Work instruction ▸ Keep every word of the listing and drop the images when you write it out.
--- Supplied material ---
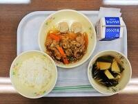 献立:牛乳 ごはん すき焼き風煮 厚焼きたまご おかか和え
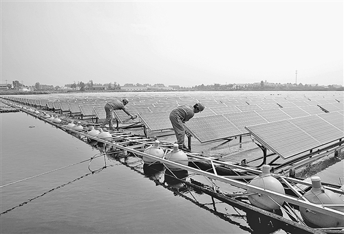 废弃窑坑有凹有凸、高低不平,如何改善?他们通过整体设计,将砖瓦窑的凹处的污水经过净化处理后,在水面上建立了容量达10兆瓦的漂浮式光伏发电站,年均发电1100余万千瓦时,年产值1000余万元。在水面下则进行多种鱼类养殖,建成了垂钓观光园。项目负责人高延华对记者说:“在炎热的夏季,水面上安装光伏板可降低水温,不但能有效阻止鱼类疾病爆发,还可调节其代谢能力使其快速生长,同时大大节约了土地资源,真正实现了渔业增产和节能减排两不误。”
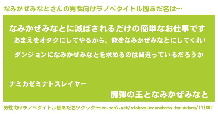 | 女子向けラノベタイトル風あだ名 | 『なみかぜみなとの卵を拾いまして』 |
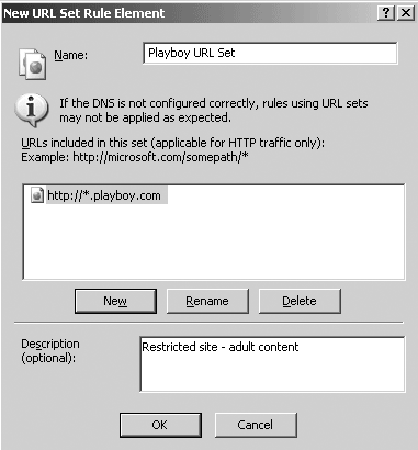 Предположим, требуется, чтобы ни один сотрудник компании не мог обращаться к Web-узлу Playboy из корпоративной сети. Адрес http://www.playboy.com выбран для пояснения фильтрации контента как широко известный источник материалов «для взрослых». Сначала строится типовое правило брандмауэра со значениями, приведенными в таблице. Набор URL-адресов составляется впервые, и готовых вариантов нет. Поэтому следует щелкнуть на кнопке New, чтобы создать новый набор URL-адресов, который будет применен к правилу брандмауэра. На экране 1 показано диалоговое окно New URL Set Rule Element.
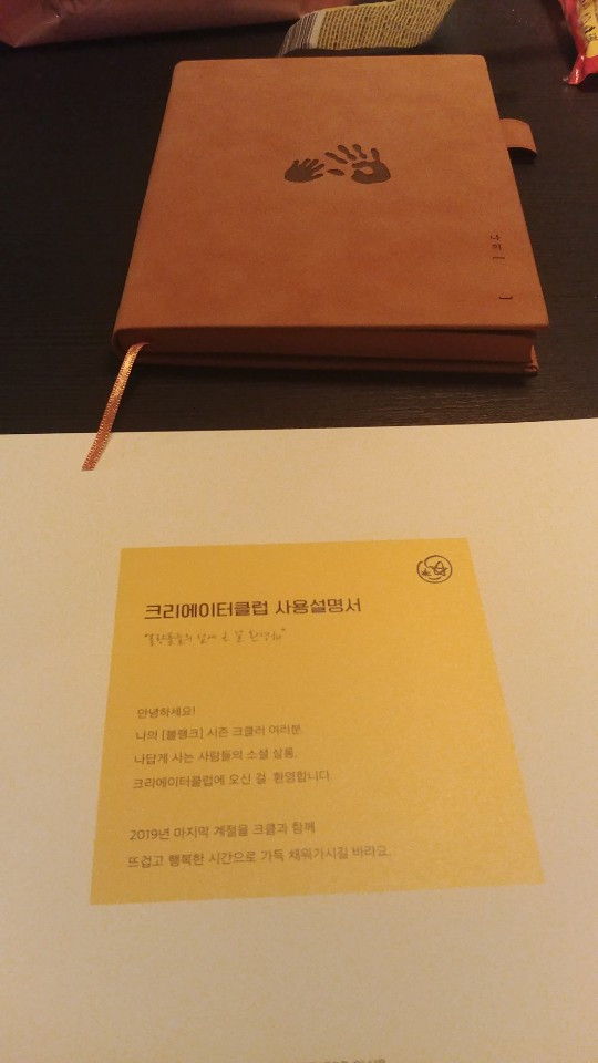 열정에 기름붓기 시즌 다이어리는 크리에이터 클럽 모임의 필수품이다. 특히 쓰기 팀에 선 꼭 필요하다. 모임 중에 글을 쓰는 활동이 많고, 모임과 모임 사이의 2주라는 기간 동안에도 다양한 쓸거리들이 생기는데 이걸 다 다른 노트에 적어두었더니 나중에 내가 쓴 글들을 찾기가 어려웠다. 그래서 다이어리를 꼭 지참하고 다니며 3개월 동안 쓰는 글들을 한 곳에 모아두는 게 좋다!
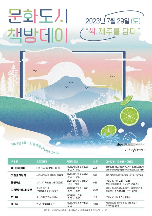 이달 29일엔 서귀포 동네책방들의 2023년 '문화도시 책방데이'가 서귀포 동네책방 6곳(키라네 책부엌, 그림책카페 노란우산, 인터뷰책방, 어나더페이지, 라바북스, 북타임)에서 진행된다. 특히 이달엔 작가와 함께 하는 프로그램(청귤 칵테일 만들기, 북토크, 글쓰기의 기초 배워보기 등)이 다양하게 준비됐다.
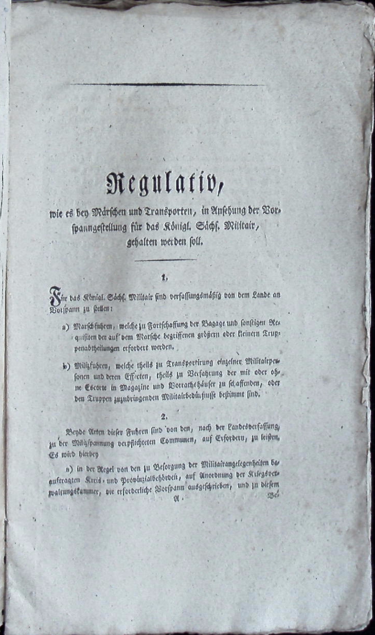 EDIKTE.– FRIEDRICH AUGUST I. (1. KÖNIG VON SACHSEN): Mandat zur Bekanntmachung des Regulativs, wie es bey Märschen und Transporten für das Königlich Sächsische Militär gehalten werden soll. Unterzeichnet am 9. Oktober 1816 von Gottlob Adolf Ernst Nostitz und Jänckendorf. Dresden, 1816. Gr. 4°. 28 S. Kanten leicht bestoßen. Seltenes Dokument für die Marschordnung mit diversen Tabellenübersichten.
---
Output of the exercise ▸
 献立:牛乳 ごはん すき焼き風煮 厚焼きたまご おかか和え
 废弃窑坑有凹有凸、高低不平,如何改善?他们通过整体设计,将砖瓦窑的凹处的污水经过净化处理后,在水面上建立了容量达10兆瓦的漂浮式光伏发电站,年均发电1100余万千瓦时,年产值1000余万元。在水面下则进行多种鱼类养殖,建成了垂钓观光园。项目负责人高延华对记者说:“在炎热的夏季,水面上安装光伏板可降低水温,不但能有效阻止鱼类疾病爆发,还可调节其代谢能力使其快速生长,同时大大节约了土地资源,真正实现了渔业增产和节能减排两不误。”
 | 女子向けラノベタイトル風あだ名 | 『なみかぜみなとの卵を拾いまして』 |
 Предположим, требуется, чтобы ни один сотрудник компании не мог обращаться к Web-узлу Playboy из корпоративной сети. Адрес http://www.playboy.com выбран для пояснения фильтрации контента как широко известный источник материалов «для взрослых». Сначала строится типовое правило брандмауэра со значениями, приведенными в таблице. Набор URL-адресов составляется впервые, и готовых вариантов нет. Поэтому следует щелкнуть на кнопке New, чтобы создать новый набор URL-адресов, который будет применен к правилу брандмауэра. На экране 1 показано диалоговое окно New URL Set Rule Element.
 열정에 기름붓기 시즌 다이어리는 크리에이터 클럽 모임의 필수품이다. 특히 쓰기 팀에 선 꼭 필요하다. 모임 중에 글을 쓰는 활동이 많고, 모임과 모임 사이의 2주라는 기간 동안에도 다양한 쓸거리들이 생기는데 이걸 다 다른 노트에 적어두었더니 나중에 내가 쓴 글들을 찾기가 어려웠다. 그래서 다이어리를 꼭 지참하고 다니며 3개월 동안 쓰는 글들을 한 곳에 모아두는 게 좋다!
 이달 29일엔 서귀포 동네책방들의 2023년 '문화도시 책방데이'가 서귀포 동네책방 6곳(키라네 책부엌, 그림책카페 노란우산, 인터뷰책방, 어나더페이지, 라바북스, 북타임)에서 진행된다. 특히 이달엔 작가와 함께 하는 프로그램(청귤 칵테일 만들기, 북토크, 글쓰기의 기초 배워보기 등)이 다양하게 준비됐다.
 EDIKTE.– FRIEDRICH AUGUST I. (1. KÖNIG VON SACHSEN): Mandat zur Bekanntmachung des Regulativs, wie es bey Märschen und Transporten für das Königlich Sächsische Militär gehalten werden soll. Unterzeichnet am 9. Oktober 1816 von Gottlob Adolf Ernst Nostitz und Jänckendorf. Dresden, 1816. Gr. 4°. 28 S. Kanten leicht bestoßen. Seltenes Dokument für die Marschordnung mit diversen Tabellenübersichten.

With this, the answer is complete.